# Is it just overkill?



## Cryozombie (Jan 27, 2008)

Mag-Fed 20MM Rifle​
49&#8221; match grade fluted barrel​
Heavy duty clam-shell brake​
Detachable box magazine​
Available in *14.5mm*, *20mm*, and new *Anzio 20-50* calibers​
Titanium firing pin​
5000 yard maximum range​
Optional weights and configurations​
Huge amounts of fun​
Low recoil​
This MONSTER is only $12,000.00 with an approx cost of 8 bucks a round (15 for tracers) for ammo... better ban em before criminals start using them in holdups... *sarcasm*
















*From left to right:* .223, .338 lapua, 50BMG, 20MM Vulcan

Like I said... Might be a BIT of overkill to this weapon.​


----------



## Andy Moynihan (Jan 27, 2008)

Idunno.

Unfortunately I can envision some situations in another few years where it could be just the thing


----------



## theletch1 (Jan 27, 2008)

I had to wipe the drool off the keyboard before I could answer.  I don't think it's overkill if used against hard targets at a distance.  Vehicles, barracades, buildings.  5000 yards is a lot a safety between a sniper and an APC.


----------



## Big Don (Jan 27, 2008)

CA will ban these shortly


----------



## Lisa (Jan 27, 2008)

Overkill, Maybe.

But I bet it would be a hoot to shoot!


----------



## Big Don (Jan 27, 2008)

BTW, 5000 yards = 2.84 MILES...


----------



## theletch1 (Jan 27, 2008)

Big Don said:


> BTW, 5000 yards = 2.84 MILES...


How's that for reachin' out and touching someone?


----------



## Cryozombie (Jan 27, 2008)

Big Don said:


> CA will ban these shortly


 
Yeah... thats why I commented about Criminals using them.  I wonder statistically how many of those .50bmgs Cali banned were being used to rob banks like they claimed...


----------



## tellner (Jan 27, 2008)

You can kill an elephant with a .300 Weatherby Magnum. You can kill a full sized baleen whale with a .50. If things are ever so bad that regular people here are pulling out young pieces of field artillery to take out hardened military targets we're all a day late and a dollar short.

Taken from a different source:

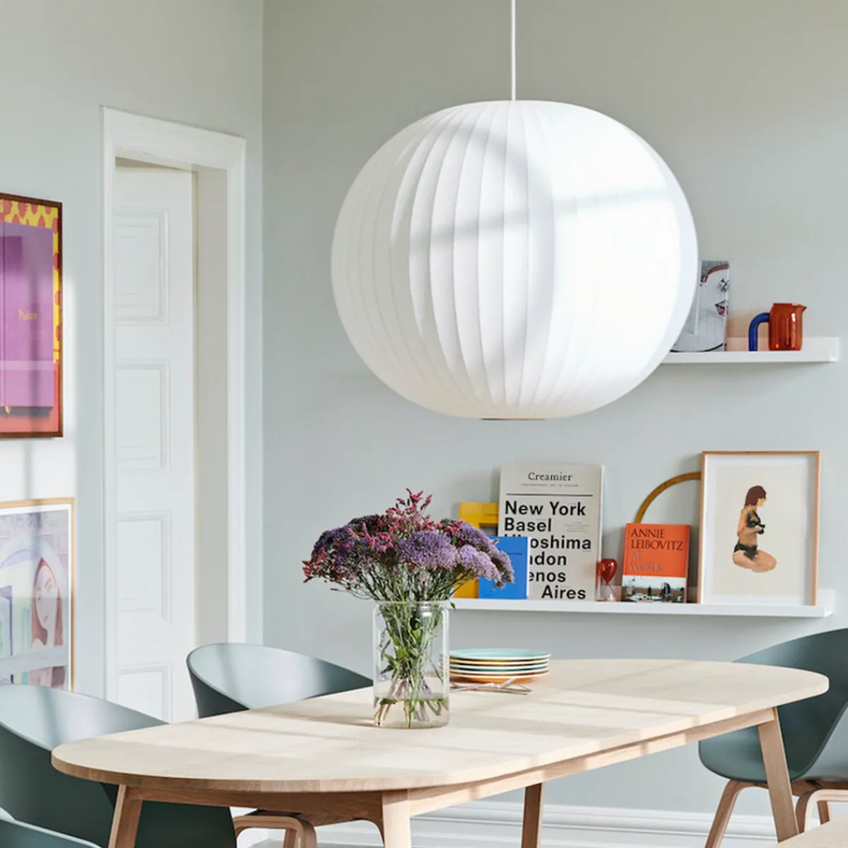 Nelson Ball bubble pendel er en vakker lampe som gir fantastisk myk glød til rommet. Lampen har en myk form er tilgjengelig i tre størrelser og i flere former.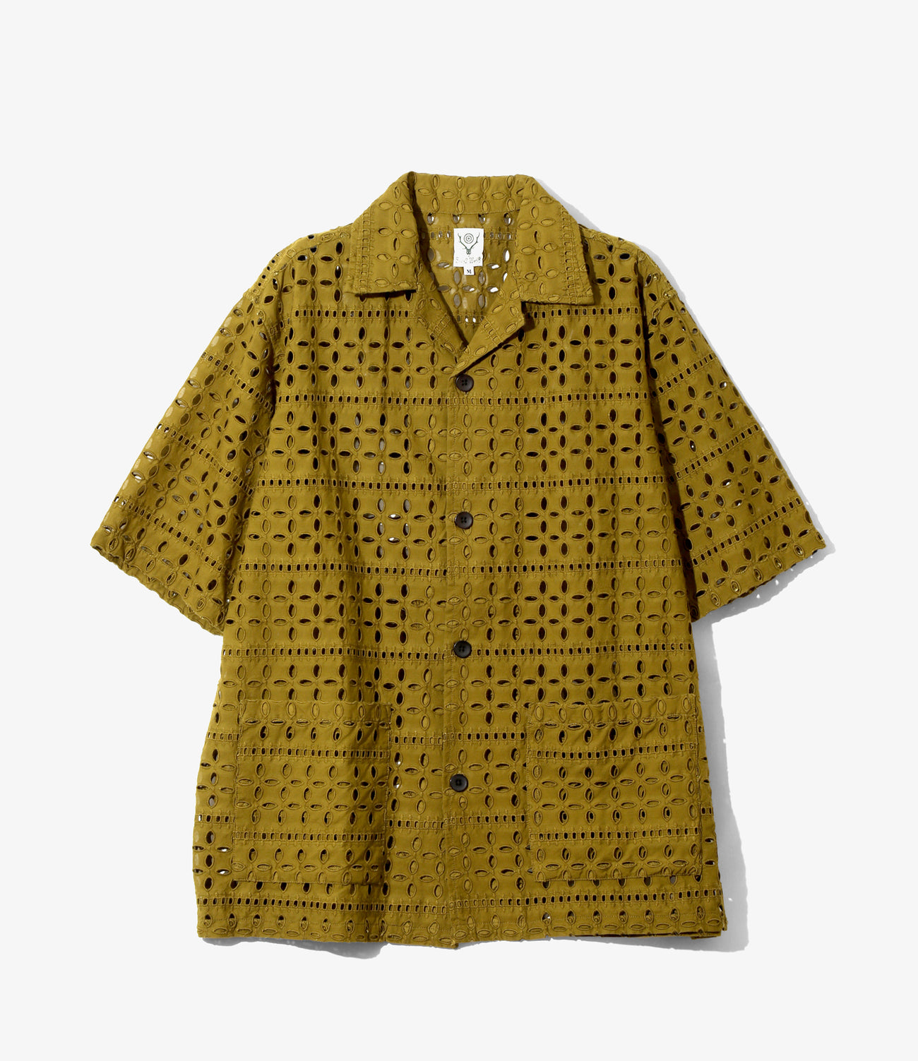 オープンカラーにワイドなボックスシルエット、やや長めに設定されたハーフスリーブなど、シンプルながらリラックス感漂うデザインのカバナシャツ。繊細で立体的なインド製のカットワーク生地を使用。通気性がよく、透け感を活かしたユニークなレイヤードのスタイリングもお楽しみ頂けます。

Sorry, but for once I have to agree with the antis. "Physical inadequacies real or imagined."


----------



## Guardian (Jan 27, 2008)

*Thats one piece of hardware there.  Dang, mount that on top of my house with a back break to keep me up.  I don't know what I would shoot with that, maybe a tank if they come in the neighbor, but it would be fun just to blow off a couple of rounds.*


----------



## SFC JeffJ (Jan 27, 2008)

A friend of mine has a Lathi(a pre-WWII 20mm "anti-tank" rifle) and it is a blast to shoot.  You do need a Destructive Device license to own one, or any piece of artillery, just like getting a Class-III license for automatic weapons.


----------



## Andy Moynihan (Jan 27, 2008)

tellner said:


> You can kill an elephant with a .300 Weatherby Magnum. You can kill a full sized baleen whale with a .50. If things are ever so bad that regular people here are pulling out young pieces of field artillery to take out hardened military targets we're all a day late and a dollar short.
> 
> Sorry, but for once I have to agree with the antis. "Physical inadequacies real or imagined."


 

I just figure if things go all the way to Condition Brown, like as in Aliens-are-strafing-my-hometown-the-White-House-is-overrun-by-zombies-and-the-Terminator-is-in-my-bathroom-doing-nasty-things-with-my-toothbrush BAD,  and by some ****ed-up twist of Fate I need equipment like *that* to do whatever needs doing, there isn't much of it that my el cheapo beat up ol' Mosin won't get for me.......


----------



## Cryozombie (Jan 27, 2008)

tellner said:


> If things are ever so bad that regular people here are pulling out young pieces of field artillery to take out hardened military targets we're all a day late and a dollar short.


 
Yeah because regualr lunitics would never say... steal a tank and drive it down the street while the people who are SUPPOSED to stop it look on helplessly...

Oh wait...

http://www.youtube.com/v/3vESIVemfG8&rel=1

Heh.


----------



## Cryozombie (Jan 27, 2008)

Oh BTW, in reality, the only reason I could see owning that is for the fun of the boom it would make when shot... I dont expect to have to take down a tank.


----------



## tellner (Jan 27, 2008)

Just remember what Chairman Mao said:



> Armed revolutionary struggle begins with the big knife.
> With a big knife you can get a sword.
> With a sword you can get a pistol.
> With a pistol you can get a rifle.
> With a rifle you can get anything.


----------



## foot2face (Jan 27, 2008)

Big Don said:


> BTW, 5000 yards = 2.84 MILES...


Is that how far the recoil will toss you back?  :lol:


----------



## Big Don (Jan 27, 2008)

foot2face said:


> Is that how far the recoil will toss you back?  :lol:



Yeah, that's why you need a bracing angle.


----------



## Doc_Jude (Jan 27, 2008)

Very nice. Too bad I'll never be able to get one... Damn Arnie!!!


----------



## Cryozombie (Jan 27, 2008)

tellner said:


> Just remember what Chairman Mao said:



Mao had it wrong... the big knife can get me a rifle.


----------



## searcher (Jan 28, 2008)

I am thinking overkill, but I have seen firsthand what the 50BMG does to a human being.   I have not much use for anything over .308.   I don't even want to envision what this would do to a person, the 50 is bad enough.


----------



## KenpoTex (Jan 30, 2008)

The round was designed to kill tanks/APC's, etc.  While there have been (as Jeff mentioned) other rifles made for these rounds, these were issued before tank armor got as strong as it is (which rendered the rifles pretty much irrelevant for their intended purpose).  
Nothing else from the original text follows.